他只是看着那个装置,看着它幽蓝的光芒一下一下地跳动。
咚。咚。咚。
过了很久,他开口。
“我在等它‘醒’。”
“醒?”
“它睡了四十年。”苏远山说,“从沈星海死的那天开始,它就进入了深度休眠。能量波动降到最低,几乎无法探测。每年只有几次极微弱的脉冲,像是——做梦。”
“但最近,它开始动了。”
他转过头,看着穆玖。
“从你们在旧观测塔发射那个信号开始,它动的频率越来越高。越来越规律。”
“它认出你们了。”
穆玖的脊背微微绷紧。
“认出我们什么?”
“认出你们手里有钥匙。”苏远山说,“它等了四十年,等钥匙回来。”
他站起来,动作很慢,像是每一个关节都在疼。
他走向那个巨大的装置,伸手,轻轻按在冰冷的金属表面。
“你们想知道真相?”他说,头也不回。
“真相就是——沈星海没死。”
苏明晏愣住了。
穆玖的目光骤然收紧。
“你说什么?”
苏远山转过身,看着他们。
那双平静了四十年的眼睛里,终于有了一点涟漪。
“那场‘意外’是假的。”
“他主动选择了被‘封存’。”
“用他自己的方式。”
他指向那个正在跳动的“心脏”。
“他就在里面。”
房间里只剩下心跳一样的声音。
咚。咚。咚。
苏明晏站在那里,像被钉住了。
穆玖的脑海中闪过无数碎片——沈星海笔记里的那句话:“若我不归,杖即我归。”沈牧之说的“他那天早上出门前说想吃萝卜炖排骨”。那枚刻着“星河不渡,自有后舟”的银色薄片。
不渡。
所以他自己变成了船。
“为什么?”穆玖问,声音很轻。
苏远山看着她。
“因为那枚钥匙——完整的三枚钥匙——需要有人从‘里面’配合。”他说,“沈星海选择了进去。用他的生命,换一把能打开真相的锁。”
“他赌有人会在四十年后,拿着钥匙来开门。”
他看向苏明晏。
“他赌对了。

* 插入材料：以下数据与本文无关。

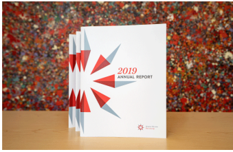
2019 Partnership Annual Report
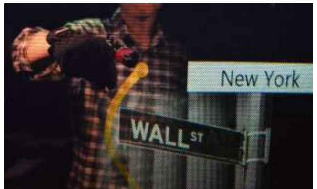
d) Traces enhance gestural paths

Figure 8. Enhancing touch and gestural events. The person is on the other side of the screen.
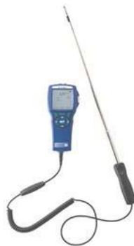
Figure 4: Air Velocity Meter Model 9555 Series TSI 9555.
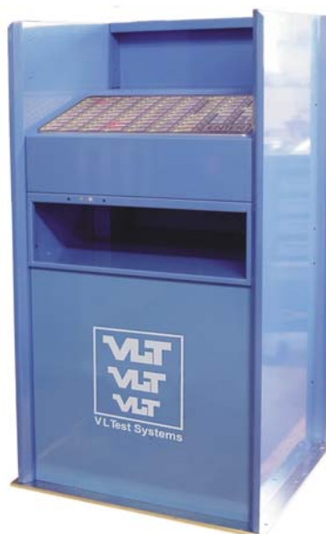
VLT 0845 (Console only)

Monitor TFT-LCD 15" can be connected to Above and / or Under Carriage Keyboard if connected to VL Test Lane software module.
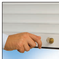
Spring Loaded With Key Lock

”
苏明晏张了张嘴,却发不出声音。
他想起沈星海笔记里的那些工整的字迹,想起那些关于“辰”的符号解析,想起那句“有些真相,不是用来公之于众的。是用来传给该知道的人”。
那个人,四十年前就知道会这样。
他安排好了一切——笔记留给儿子,手杖封进钥匙碎片,自己走进这个“心脏”,变成一把活着的锁。
然后等了四十年。
等一个叫穆玖的女孩穿越而来。
等她的哥哥自愿走进另一个实验舱,留下那枚刻着“若见吾弟”的琥珀。
等她带着这些钥匙,一步步找到这里。
苏明晏忽然觉得眼眶有点热。
他低下头,用力眨了眨眼。
苏远山看着他的样子,没有说话。
过了很久,老人开口:
“你想问的,都问完了。”
“现在——你想做什么?”
苏明晏抬起头。
他看着那个巨大的、正在跳动的“心脏”,看着里面那个等了他四十年的陌生人。
他想起沈星海笔记里的那行字:
“星河不渡,自有后舟。”
他忽然明白了。
那艘船,不是沈星海。
是他们。
“开门。”他说。
苏远山看着他。
“你确定?”
苏明晏没有回答。
他转过头,看向穆玖。
穆玖与他对视。
那双眼睛里,没有恐惧,没有犹豫。只有一种平静的、早就做好了准备的坚定。
“开门。”她说。
苏远山看着这两个年轻人,沉默了很久。
然后他点了点头。
“好。”
他走向控制台,按下了一串密码。
那个巨大的“心脏”装置,发出一声低沉的轰鸣。
跳动的节奏开始变化——从规律的咚、咚、咚,变成了某种更复杂、更像“语言”的脉动。
一道门,在装置的侧面缓缓打开。
门后是幽蓝色的光芒。
看不见里面有什么。
苏明晏深吸一口气,迈步向前。
穆玖跟在他身后。
苏远山的声音从后面传来:
“进去之后,有些事就回不来了。”
苏明晏没有回头。
“从出生起,”他说,“我就没回去过。”
他走进那扇门。
穆玖跟进去。
门在他们身后缓缓合拢。
房间再次陷入寂静,只剩下“心脏”平稳的跳动。
咚。咚。咚。
像在说话。
像在等。
四十年。
终于等到了。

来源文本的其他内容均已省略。